◆ **The problem**
Beginning with the line that contains "Задачи 733-748 (табл.", retype the entries below exactly, ending with the line that contains "Холодильне відділення об'ємом". Leave out any pictures.

◆ **Data in this exercise**

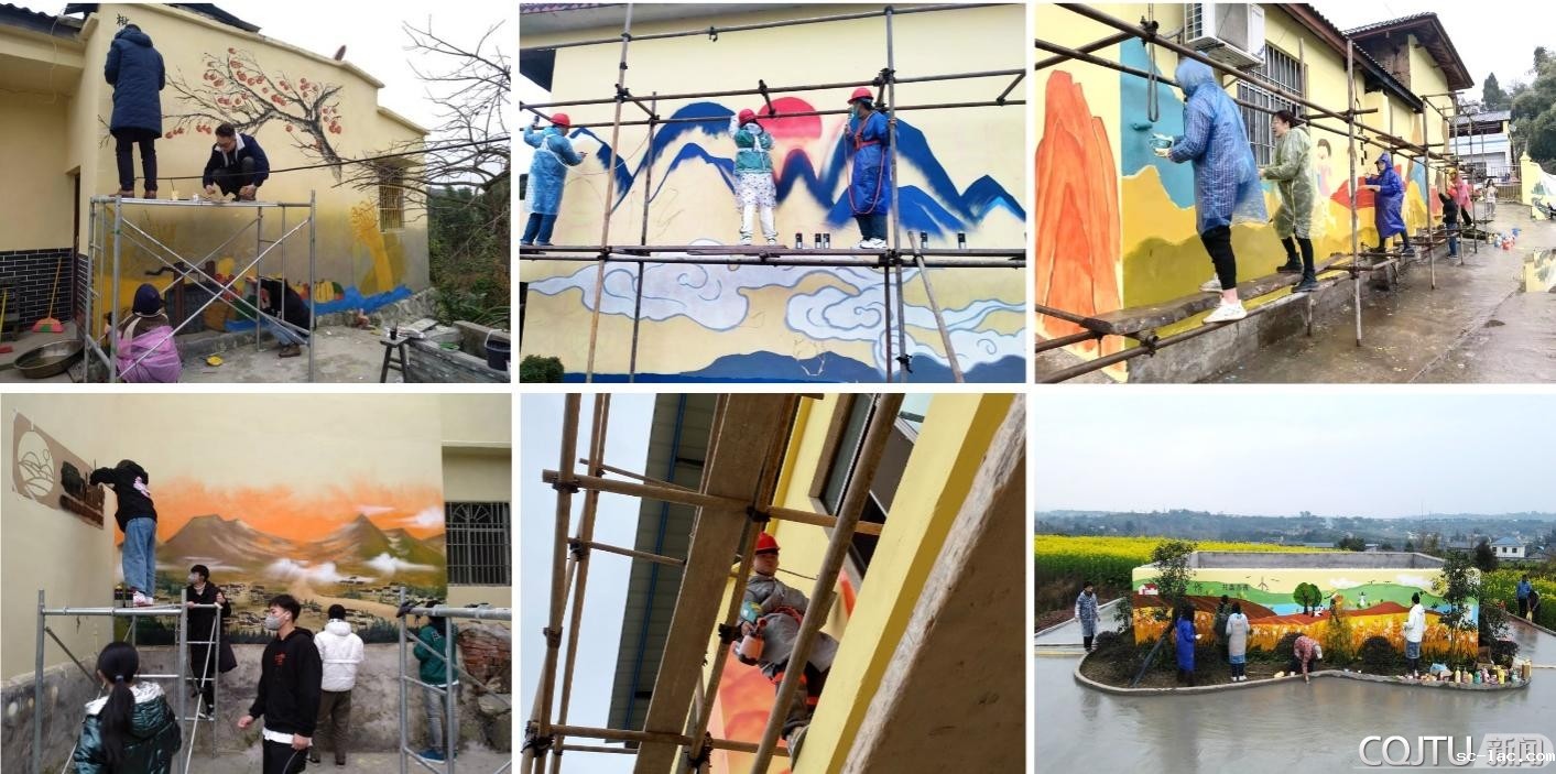 自今年1月起,老伟德网上娱乐建筑与城市规划学院受永川区仙龙镇政府委托,承担了“永川区首届油菜花节”的项目策划及实施工作。学院抽调5名教师组成专家团队,并面向全院发起志愿者征集活动,最终选拔出48名学生,组建了“大学生志愿者寒假‘三下乡’社会实践服务团队”“重庆市设计下乡志愿者团队”“‘耕筑巴渝’工作坊志愿者团队”等3支志愿者队伍。从实地调研、项目策划、方案设计到落地实施,前后历时1个多月,师生共同克服学业繁重、通行不便、天气严寒等困难,充分发挥在乡村人居环境领域的专业优势与实践经验,以线上线下结合的方式有效推进工作,于2月下旬顺利完成了各项任务,并绘制艺术墙绘总计达1300平方米。师生们的辛勤付出也得到了当地政府和村民的一致肯定。
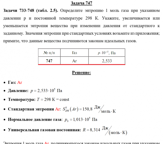 Задачи 733-748 (табл. 2.5). Определите энтропию 1 моль газа при указанном давлении p и постоянной температуре 298 К. Укажите, увеличивается или уменьшается энтропия вещества при изменении давления от стандартного к заданному. Значения энтропии при стандартных условиях возьмите из приложения; примите, что данные вещества подчиняются законам идеальных газов.
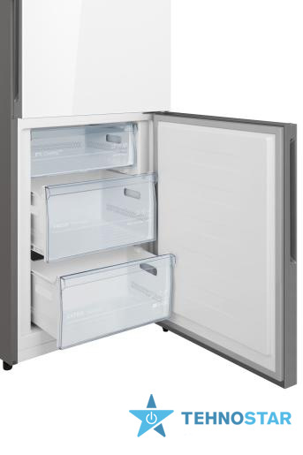 Холодильне відділення об'ємом 245 літрів оснащене трьома скляними полицями, що дозволяє ефективно організувати простір та зручно розміщувати продукти різного розміру. Дверні полиці забезпечують додаткове місце для зберігання пляшок та банок. Морозильна камера об'ємом 89 літрів має три ящики, що дозволяє зручно зберігати заморожені продукти.
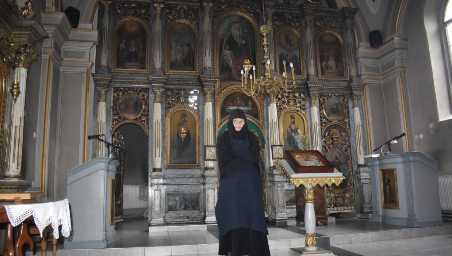 - Недељом буде око тридесетак верника, али радним данима најчешће не дође нико, само смо ту нас две и свештеник. Понекад још неко сврати, али ретко. Суботом буде некада још пар душа – прича сестра Василија, која је овде дошла из манастира Св. Меланије у Зрењанину, где је била 36 година. Рођена је у Босни. Доброг је здравља, али има проблем са гласним жицама, па каже, да „крчи“ кад пева. Пије и лекове на биљној бази, али опоравак је спор.
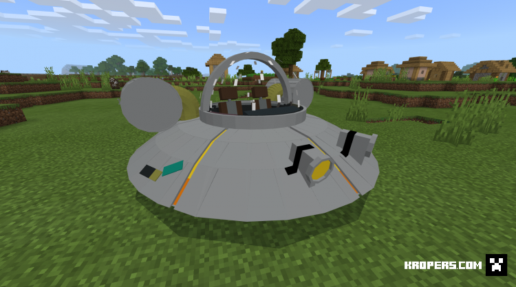 Этот аддон добавит инопланетный объект на котором вы можете летать и передвигаться, всё что вам нужно - уголь и ключ (седло). Кто смотреть мультфильм Рика и Морти, то мы могли заметить в некоторых моментах на чём они летают и благодаря автору он сделал копию из сериала. Водить легко, возьмите уголь - присядьте и накормите его, далее найдите ключ (он будет подписан как седло) и летайте по интересным местам мира!
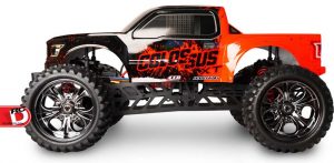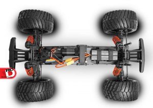 Three fluid-filled, bevel gear differentials (F/C/R) combine to harness the massive horsepower available to the Colossus XT, while 6mm center driveshafts and 8mm dogbones and CVD’s allow the truck to tackle terrain that would crush other monster trucks.
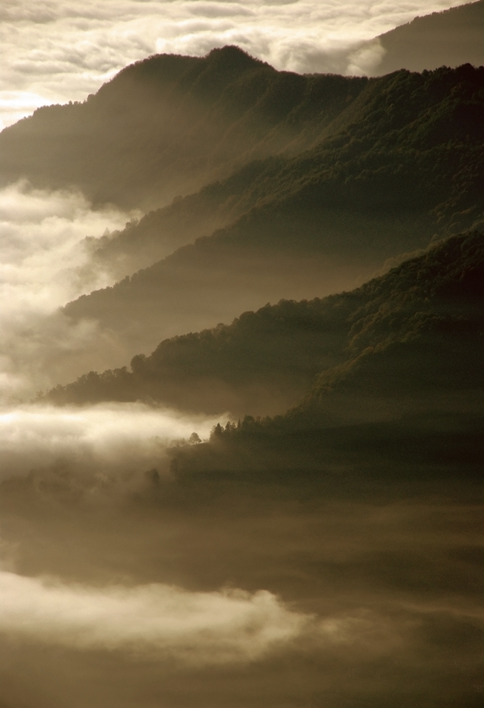 Un buono scatto. Hai sfruttato al meglio le condizioni atmosferiche per ottenere un'immagine fascinosa, nella quale diversi piani marcati dalla luce ma ammorbiditi dalla nebbia si susseguono fino al mare di nuvole dello sfondo.

◆ **Solution for this task**
 Задачи 733-748 (табл. 2.5). Определите энтропию 1 моль газа при указанном давлении p и постоянной температуре 298 К. Укажите, увеличивается или уменьшается энтропия вещества при изменении давления от стандартного к заданному. Значения энтропии при стандартных условиях возьмите из приложения; примите, что данные вещества подчиняются законам идеальных газов.
 Холодильне відділення об'ємом 245 літрів оснащене трьома скляними полицями, що дозволяє ефективно організувати простір та зручно розміщувати продукти різного розміру. Дверні полиці забезпечують додаткове місце для зберігання пляшок та банок. Морозильна камера об'ємом 89 літрів має три ящики, що дозволяє зручно зберігати заморожені продукти.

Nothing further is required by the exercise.